Альфонс чуть тряхнул головой, будто смахивая наваждение, и положил розу на саркофаг. Он не хотел говорить последние фразы. Он даже не до конца понимал, что они значили, но глаза Нарциссы обнажили потаённую сторону, которая удивила и самого Альфонса. Что он имел в виду под «приятными вещами»? То, что отец, несмотря на своё упрямство, признал неправоту и несправедливое отношение к Альфонсу? Или же... Неужели он имел ввиду женитьбу на Нарциссе? Он не понимал. Ровно как не понимал, почему стал считать их брак не наказанием, как раньше, а наградой.

Он встал на своё место, и к саркофагу вышла последняя «родственница» Йохана. Самая большая насмешка, которую только можно было придумать. Нарцисса должна сказать, почему скорбит о Йохане Розфельде или что хорошего он сделал. Для Нарциссы – ничего хорошего. Она его тихо ненавидела, но если бы могла, прокричала бы тысячи причин прямо аристократам в лицо. Альфонс почувствовал укол совести за то, что забыл об этой части и что не смог избавить Нарциссу от обязанности показать свой уровень актёрской игры перед публикой. Она подошла к саркофагу и приняла розу, не показывая своих истинных чувств. Нарцисса оставалась спокойной, но когда начала говорить, Альфонс заметил, как её губы задрожали:

– Йохан Розфельд был отличным политиком, – её голос приобрёл сожалеющие нотки. – Он знал, что лучше для его семьи и делал всё ей во благо. Несмотря на то, что я дочь предателей, он был благосклонен ко мне и позволил войти в его семью, что было очень великодушно с его стороны, и это я смиренно приняла, – Нарцисса запнулась на секунду, но быстро продолжила подрагивающим голосом. – Он был милостив к людям, к которым должен был, – по её щеке скатилась одинокая слезинка, оставляя влажный след, который поблёскивал при свете факелов.
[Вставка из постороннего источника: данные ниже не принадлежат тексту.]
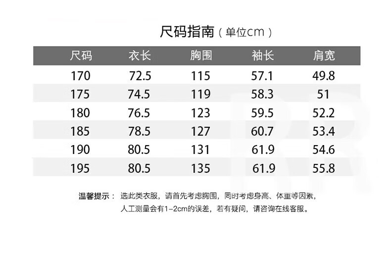 China (cm) 165 / 88-90 170 / 96-98 175 / 108-110 180 / 118-122 185 / 126-130

Нарцисса положила розу на саркофаг и вернулась на место рядом с Альфонсом. Окружающие стали перешёптываться, удивлённые такой речью Нарциссы. Послушав пару сочувствующих вздохов и удивлений, что она переживает о смерти Йохана, Альфонс понял, что она блестяще справилась со своей ролью. Ему всё ещё было жаль, что ей пришлось вымучивать из себя эту ложь, такую неочевидную для окружающих, но явную для Альфонса. Он удивился, когда увидел слезу, но быстро понял, что плачет Нарцисса вовсе не по Йохану. Альфонса поразила стойкость, с которой она вынесла пытку.

– Теперь, когда прощальные речи были сказаны, я зажгу свечу священным пламенем, которое озарит для души путь к Двуликому, – архидуалит поставил большую свечу на холодный камень и зажёг её одним из факелов. Фитиль разгорелся и начал медленно топить воск. – Церемония окончена. Прошу пройти в банкетный зал, чтобы отметить уход Йохана Розфельда на небеса.

Аристократы стали неспешно выходить из королевской крипты. Банкетный зал находился в главном крыле дворца, куда все и направились. Дождь прекратил моросить, оставив после себя серое небо и запах мокрой земли, который Альфонс так любил. В детстве ему было очень интересно наблюдать за садовниками, капающими ямки для посадки цветов, поливающих рассаду и пропалывающих грядки. Он вместе с мамой любил проводить время в розарии или королевском саду, наблюдая за работой садовников. Наверное, от этого он так и любил запах мокрой земли.

В банкетном зале уже собралось много народу. Теперь, когда отца больше не было, Альфонсу пришлось сесть рядом с Душасаной, как самому близкому и теперь уже единственному кровному родственнику. Нарцисса села по левую руку от Альфонса. Он заметил, что по её рукам пробежали мурашки, и она немного поёжилась, наверно, лёгкое платье совсем не защитило её от холода. Альфонс подозвал служанку и тихо приказал принести Нарциссе фруктовый чай.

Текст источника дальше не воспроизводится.